Tawhid Islamic Brigades published a claim on a website that has been used frequently for such claims from Saudi Arabia and Iraq. And Jamaa Al-Islamiya Al-Alamiya, or World Islamist Group, called an international news agency in Jerusalem. Neither group offered detail of how it carried out the attack, as such claims usually do, and there was no way to confirm their authenticity.

Egyptian government spokesman Magdy Rady suggested the blasts were related to the Israeli military operation against the Palestinians in the neighbouring Gaza Strip, where 84 Palestinians have been killed in an Israeli offensive that began on September 29 to stop militants from firing homemade rockets into Israel.

"I think the explosions are very related to what is going on in Gaza," Rady told AP. "We condemn these attacks, which have harmed many people."

"I think it is very probable that there is a link between these three explosions," he added. "It is very unlikely they happened by chance."

The security adviser to Palestinian leader Yasser Arafat, Jibril Rajoub, told Al-Jazeera television that no Palestinian factions were responsible for the explosions.

Egypt upgraded a security alert at the airports in Cairo and in the southern tourist cities of Luxor, Hurghada and Aswan.
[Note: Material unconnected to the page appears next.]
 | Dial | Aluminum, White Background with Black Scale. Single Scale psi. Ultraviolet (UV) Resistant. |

Police were searching cars coming in and out of Luxor and Hurghada and there was a heavy police presence around hotels.

Yaron, the Israeli army spokeswoman, said Israeli Brig. Gen. Efi Idan "took command over the event in Taba" four hours after the blasts. She said, however, "We still have some trouble in sending over all of the forces and their equipment to Taba."

An Israeli foreign ministry spokeswoman said that Israel would help evacuate any of the 12,000 to 15,000 Israelis who wish to leave the Sinai. This morning, thousands were streaming into Eilat, across the border.
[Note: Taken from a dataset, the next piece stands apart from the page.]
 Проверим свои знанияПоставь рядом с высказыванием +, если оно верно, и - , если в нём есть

Israel set up temporary accommodations in community centres, and Israeli radio reported a nationwide call for surgeons to get to Eilat.

Israel's Army Radio reported that initially, Egyptian policemen fired in the air at the Taba border crossing as dozens of Israelis tried to break through to get home. Reporters from the Israeli side were unable to reach the scene, and no TV images were available several hours after the blast.
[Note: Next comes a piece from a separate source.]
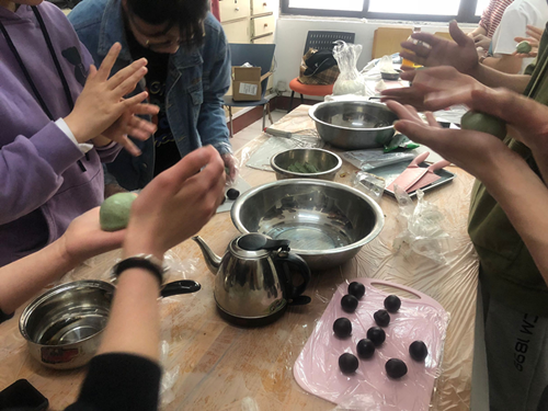 活动伊始,社团指导老师通过知识问答、讲故事的形式,讲解了清明节的由来、本地的清明节习俗以及有关清明节的传说,让社团成员懂得传承中华民族优秀文化的重要性。接着,指导老师口头讲解制作青团的方法,并在QQ群中分享了具体的步骤。社团成员纷纷动手,揉面团、加青汁、加豆沙,活动室里一派热闹景象。人多力量大,没多久,青团做好了。一个个整齐地摆放在盘子里。蒸一蒸,清香之味扑鼻而来,社团成员带着笑容品尝自己的劳动成果,自豪之情溢于言表。

More than 100 rescue workers, many wearing hard hats, were later allowed to cross, and graders were seen clearing rubble at the site.

"In the background was the sunrise of Sinai over the water ... and in the foreground there was the destruction," Doron Kotler, commander of operations for the Israeli rescue service, told Israel's Channel 1 television.

Egyptians reportedly allowed the teams in after Sharon instructed his diplomats to contact the Egyptians and expedite the crossing. The two countries signed a peace treaty in 1979, but relations have been chilly as a result of Israeli military actions in Palestinian areas.

Rady said at least 30 people were killed and 160 injured in the Taba blast, and another seven Egyptians were injured in the Ras Shitan explosions. Israel's rescue service said it evacuated 108 casualties to Israel, including one dead and 48 in serious condition.

An official at Taba Hospital said his institution had taken in 25 bodies from the Taba explosion and two more from Ras Shitan. An official at the Nuweiba hospital said two more bodies arrived there.

Taba is the main crossing between Israel and Egypt and the gateway for thousands of Israelis who travel to the hotels and resorts on the Red Sea. Yesterday was the last day of the week-long Jewish festival of Sukkot, when thousands of Israelis holiday in the Sinai.

Egyptians also were in the midst of a long holiday weekend marking the anniversary of the start of the 1973 Arab-Israeli war, so popular resort towns along the Sinai coast were packed.

Egypt has long struggled with Islamic militants interested in overthrowing the secular government, but has contained the threat with periodic crackdowns and by allowing Islamists some political activity.

The last major militant strike in Egypt was the 1997 massacre of 58 foreign tourists by Islamic extremists in the southern resort town of Luxor.

Rady said the explosions are sure to have a negative effect - at least temporarily - on Egypt's tourism industry, one of the country's economic mainstays.

"There will be damage definitely to the tourism in the area," he said, "but I hope it will not last long."